Cosa s’intende per sofferenza psicologica?

Se al corpo si associa una dimensione ben definita come il dolore fisico, nel caso della mente la situazione appare più complessa. In generale, si possono intendere per sofferenza tutte quelle situazioni che comportano una difficoltà legata sia a processi naturali di crescita, sia a problematiche psicologiche più specifiche.

Crescere in adolescenza significa costruirsi un proprio patrimonio emotivo, relazionale ed intellettuale utile a definire  il proprio Sé autonomo. Lasciare una condizione infantile rassicurante e affrontare cambiamenti biologici (sviluppo della sessualità), normativi (ridefinizione di ruoli e compiti sociali), accidentali (accadimenti) e intenzionali (scelte), che possono creare sofferenza nella misura in cui si connettono . Sofferenze transitorie sono inevitabili nella misura in cui si connetto a vissuti  di incertezza, vergogna, inadeguatezza, timore, senso di fallimento e altri sentimenti simili e si intervallano normalmente ad acquisizioni e conquiste personali.

Si possono creare, inoltre, stati psicologici sofferti più specifici, come una condizione depressiva, una rabbia incontrollabile, una forma d’ansia strutturata, un ritiro dalle relazioni, un rifiuto della propria autorealizzazione, una mal percezione di sé, etc.

La sofferenza psicologica va elaborata, per fare sì che non diventi un ostacolo alla crescita e all’adattamento

L’elaborazione consiste nel comprendere la natura e il significato del proprio vissuto, trovandogli una collocazione di senso nella propria vita, per sviluppare forme di adattamento alla realtà interna ed esterna.

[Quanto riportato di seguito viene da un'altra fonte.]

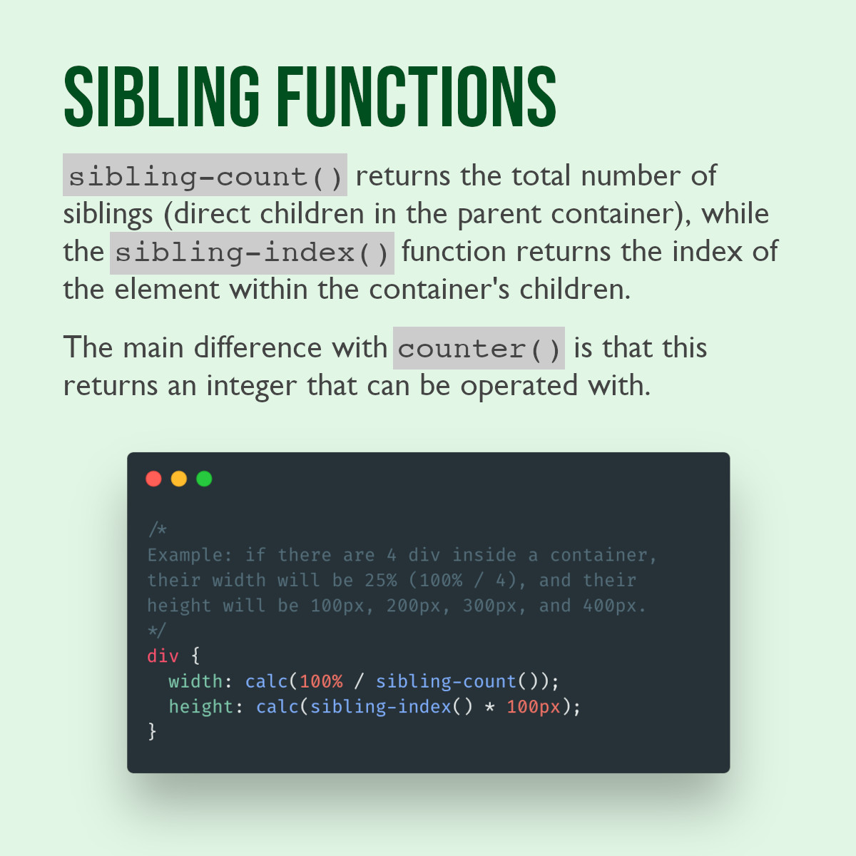 No more need to set custom properties on each element or write individual selectors with nth-child.
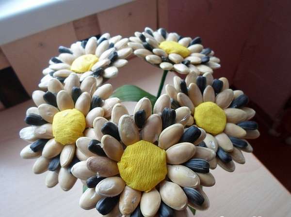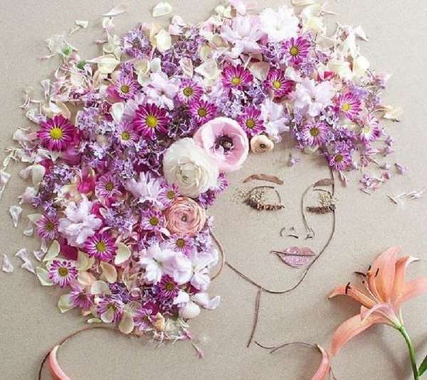 Замечательные композиции и целые игрушки создаются с использованием живых цветов. Поделки из цветов своими руками имеют разные формы. Более простой вариант, который сможет сделать ребенок младшего школьного возраста — наклеить на картон фотографию мамы, а волосы оформить бутонами маленьких цветов.
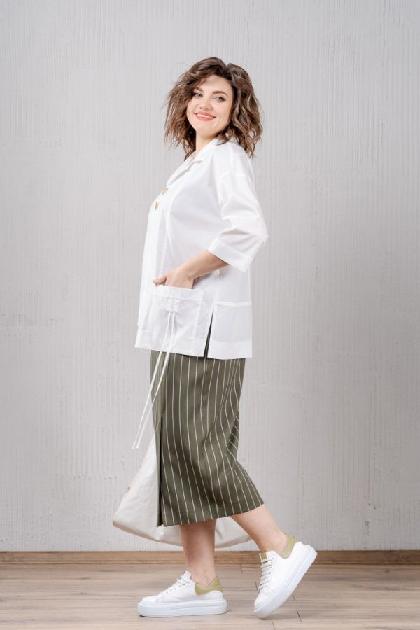 Рубашка свободного покроя из хлопка со спущенной проймой. Вырез горловины V-образной формы с отложным воротником и застежкой до груди на две петли и пуговицы. Рукава на базе цельнокроеных. Низ асимметричный, левая часть переда длиннее правой, по боковым швам разрезы. По левой половинке переда накладной карман с кулисой и декоративными шнурами.
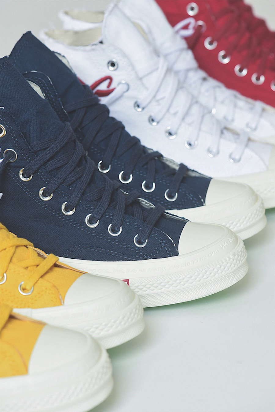 每一款 Converse Taylor 都是用不同的颜色搭配,将世界各地的不同语言版本逐一呈现,这些不同语言对可乐文化来说极具象征意义。而本次所展示的国家包括美国、法国、俄罗斯和中国。
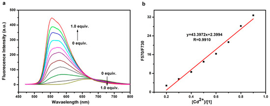 (a) Fluorescence spectral change recorded for an acetonitrile solution of sensor 1 (2 μM) upon titration of Cd2+ ion; (b) The ratio of fluorescence intensity (F570/F730) measured for the same solutions at 570 nm and 730 nm as a function of the concentration of Cd2+ (relative to that of 1), showing linear fitting as indicated in the plot.
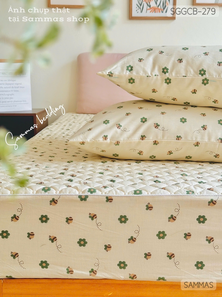 Giới thiệu tới mọi người Set ga gối chần bông vải Cotton Organic với 100% cotton (không pha poly)
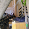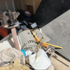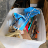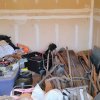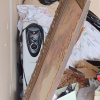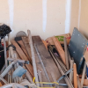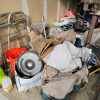 WHAT YOU SEE IS WHAT YOU GET. Things seen from the doorway: green safety cone, Roomba robot vacuum, electric motor(?) or dust collector(?), walker, orange bucket, cast iron skillets, standing vice, hat, tire chains, books, 2 air fryers(?) radiant heater, various bins, totes, and boxes, halogen lights on stand, wood, various metal posts and poles, R.C. truck, View Master booklet (?), hard truck bed cover, various tools, AMES drain spade, wood cabinet, tarps.
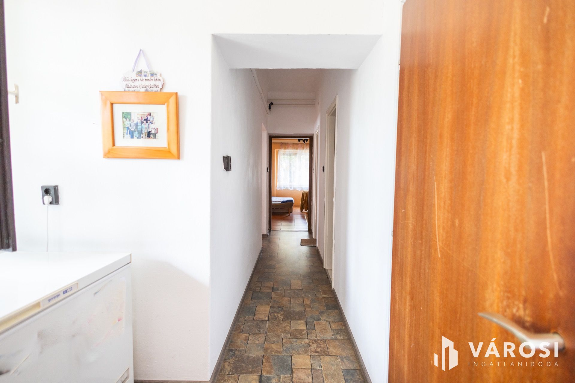 Gyula kedvelt városrészén, az Újvárosban eladóvá vált egy 95 nm alapterületű családi ház és a hozzá tartozó 1504 nm alapterületű dupla telek. A ház tégla lábazatra épült vert falazattal, a födém paticsolt. A ingatlanban 3 tágas szoba, két fürdőszoba, egy előszoba, egy konyha és kamra került kialakításra. Az otthon melegéről elektromos panelek, gázkonvektorok és egy szép csempekályha gondoskodik. Az ingatlanban fa nyílászárók kerültek beléptésre, emellett 2020-ban az utcafronti ablakokat és a bejárati ajtót műanyagra cserélték, emellett megtörtént a fürdőszoba felújítása, illetve a téglafalazatú konyha külső hőszigetelése. A házban megtörtént a villanyvezetékek cseréje és 3x16A-ra történő bővítése, melynek teljes áramellátását 16 paneles napelem rendszer biztosítja. A kertkapcsolatot egy 19 nm alapterületű terasz biztosítja. A telken egy garázs, melléképület és fóliák is helyet kaptak.
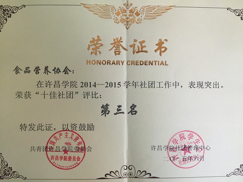 在不久前的共青团工作总结表彰中,我院团总支书记陈荣华老师荣获2014-2015年度“模范团干部”,我院学生会被评为“永利集团官网学生会优秀二级分会”,我院编外雷锋连被评为“永利集团官网编外雷锋营优秀连队”,我院食品营养协会被评为“十佳社团”第三名,其中三项集体荣誉均为我院首次获得。
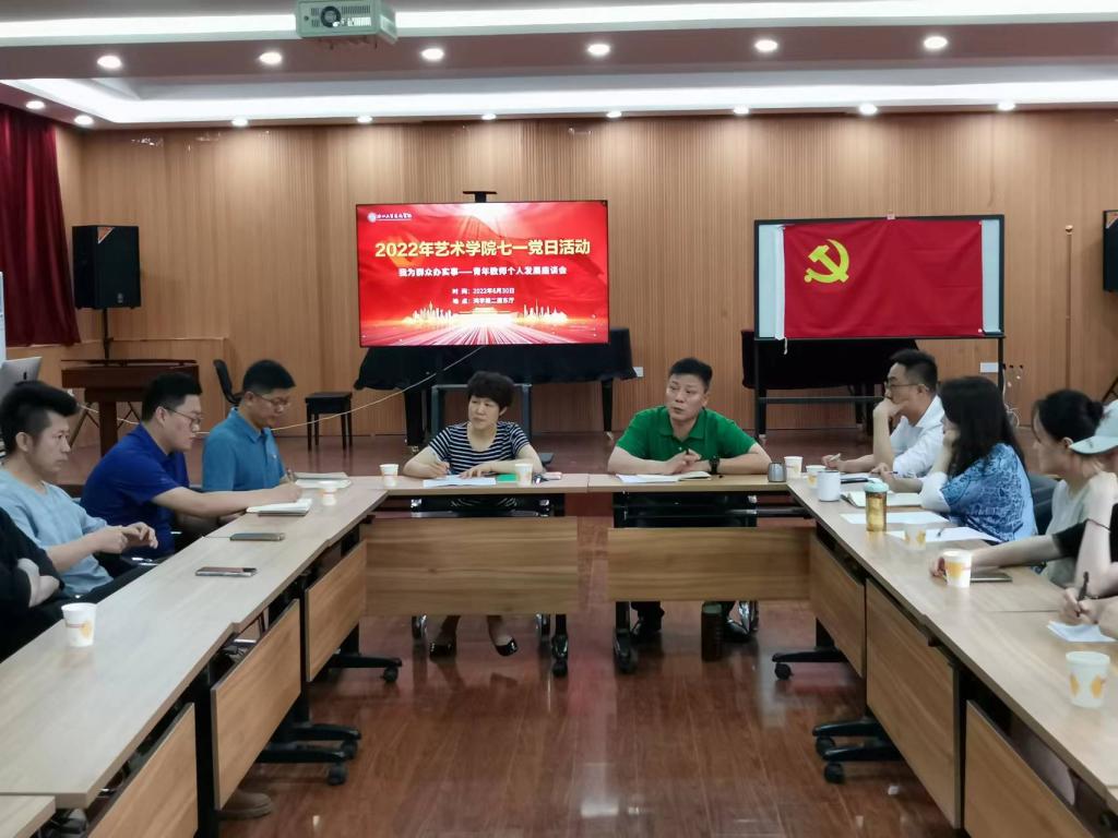 在庆祝中国共产党成立101周年之际,艺术学院党委举办“我为群众办实事”主题党日活动暨青年教师座谈会,倾听青年教师心声,共谈生活,共话成长,凝聚青年教师力量。学院领导班子成员、相关科室负责人参加会议,会议由院党委书记栗秀萍主持。

Elaborare i sentimenti dolorosi serve evitare di sviluppare forme di sofferenza psicologica più gravi. Per esempio, una tristezza si può trasformare in depressione, una vergogna può degenerare in ansia sociale, una paura dell’imprevedibile può strutturarsi in una forma d’ansia catastrofica, una mal percezione di sé può ingenerare  un disturbo alimentare o un’eterossia, un senso di esclusione può costruire una forma di auto screditamento, un senso di inadeguatezza può spingere a un totale ritiro sociale, un senso di solitudine può diventare disperante fino a indurre forme di autolesionismo, etc. Tali aggravamenti possono ulteriormente degenerare fino a saldarsi a sentimenti  di forte angoscia generalizzata e stati di inconsapevolezza della propria dimensione emotiva e delle possibilità di uscita.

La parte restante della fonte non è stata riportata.